При восхождении солнца посланные отряды возвратились. Они привезли великое количество хлеба и несколько подвод с вином, а сверх того, представили пред Евареста до двадцати жидов, не знавших, чего ожидать им — смерти или помилования. Привезенный запас разделен был по полкам и роздан в сотни, евреи поставлены в строй, и Еварест, окруженный сановниками и телохранителями, произнес к ним следующую речь:
— Чада Израиля! один от сонма вашего сделался предателем, подобно Иуде Искариотскому. Мы дались в обман и чрезмерно много потерпели. Изменник скрылся, и теперь отыскивать его некогда. Согласитесь, что правосудие есть добродетель, людям полезная и богу угодная. Изберите между собою одного, коего считаете расторопнее других, и пусть он сейчас — в виде ли польского шляхтича, или малороссийского переметчика, или как хочет — отправляется в стан польский, осмотрит положение войска и его силу, узнает намерение воеводы и положение нашего гетмана и тогда верно обо всем нас уведомит. Сроку на сие дело целого дня для доброго жида весьма довольно, ибо в сумерки он непременно должен возвратиться. Все вы, сему избранному единоплеменные, останетесь здесь вместо залога. Если он возвратится с желаемым успехом, то получит богатую награду, а все вы — свободу; если же, обольщенный золотом и обещаниями, вздумает обмануть нас, то клянусь вездесущим, что все вы с родом и племенем сожжены будете живые!
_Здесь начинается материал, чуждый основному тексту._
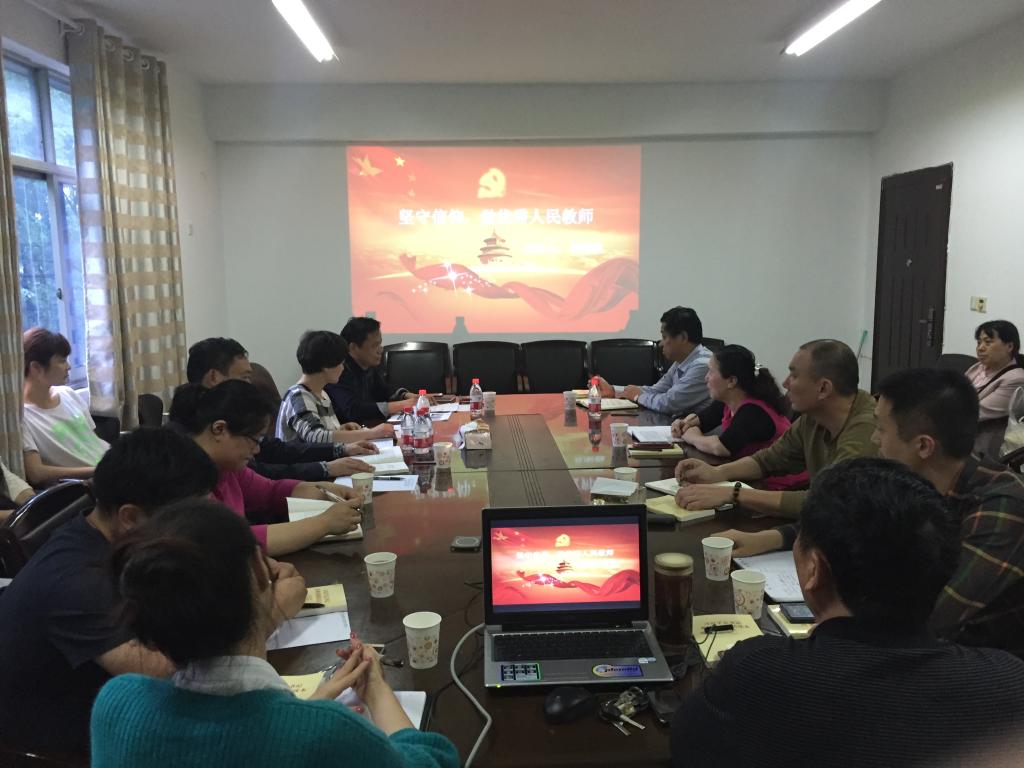 易刚强同志从党员教师的政治信仰;如何忠诚党的教育事业、认真履行自己工作职能以及共产党员遵守政治纪律和政治规矩这三个方面,对“坚守信仰,做优秀人民教师”进行了阐释。他指出,作为高等教育事业的工作者,在政治信仰上应当始终不渝坚定社会主义道路,始终不渝坚持中国共产党的领导,始终不渝地增强党性观念;在日常工作中,应做到讲政治、讲正气、讲大局,有原则有计划,爱岗敬业,恪尽职守。易校长强调,作为教师党员,要在党言党爱党护党,主动加强政治学习,增强政治理论修养,纠正对待政治学习中的负面情绪。在意识形态领域,坚定正确的导向,遵纪守法,做政治上的明白人。

У евреев еломки на макушах пошатнулись. Они смотрели один на другого туманными глазами и не могли промолвить ни слова.
— Время летит, — вскричал Еварест, — и каждый миг для нас дорог! Сейчас решайтесь!
Тут бодро выступил из ряда седой старик, раздвинул пейсы и с улыбкой сатаны сказал:
— Братья! что дадите, если я соглашусь один за всех вас собою пожертвовать? Слава милосердому богу! родители мои давно уже покоятся на лоне Авраама, а жены и детей никогда не бывало. Если перехитрят меня поляки, так тому и быть. Где-нибудь и как-нибудь, а умереть надобно.
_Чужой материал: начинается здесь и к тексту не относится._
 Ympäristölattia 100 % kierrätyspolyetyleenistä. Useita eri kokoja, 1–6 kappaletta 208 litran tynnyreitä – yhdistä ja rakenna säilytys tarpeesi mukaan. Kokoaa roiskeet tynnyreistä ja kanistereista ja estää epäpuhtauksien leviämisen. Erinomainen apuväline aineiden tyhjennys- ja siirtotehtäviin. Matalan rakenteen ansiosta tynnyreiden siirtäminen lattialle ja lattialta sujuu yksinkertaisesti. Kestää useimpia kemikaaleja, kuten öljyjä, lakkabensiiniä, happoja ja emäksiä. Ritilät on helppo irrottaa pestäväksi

Жиды оживились, весело зашумели и начали торговаться с охотником идти на верную почти смерть, как Диомид, подняв руку, торжественно произнес:
— Еварест! с твоего дозволения! Жиды! — продолжал он, — когда вы не можете до сих пор уладить выбором, то мы сами беремся это сделать. Представляемый вами охотник нам ненадобен. Кто не имеет на определенном месте ничего ему драгоценного, для такого бездушника целая вселенная есть отечество, и о слове «клятва» он не имеет истинного понятия. Приближься сюда, молодой человек с заплаканными глазами, изодранным еломком и склокоченными пейсами. Как твое имя?
— Осия.
— Есть ли у тебя родители?
— Есть!
— Жена и дети?
— Есть!
— Достаток?
— Посредственный.
— Ты можешь вдруг его утроить!
По данному знаку все прочие евреи отведены в сторону, а Осия остался на месте. Согласно с его желанием, мы дали ему волю действовать в жидовском платье.
— Мне немного надобно притворяться, — сказал он, — чтоб представить горестное лицо беглого, ограбленного жида; ибо корчма, мною содержимая, недалеко отсюда и действительно вашими наездниками превращена в развалины.
— Не печалься, Осия! — сказал Еварест, — от доброго успеха твоего похождения зависит, что выстроишь новую, лучшую корчму и заведешься достаточным хозяйством.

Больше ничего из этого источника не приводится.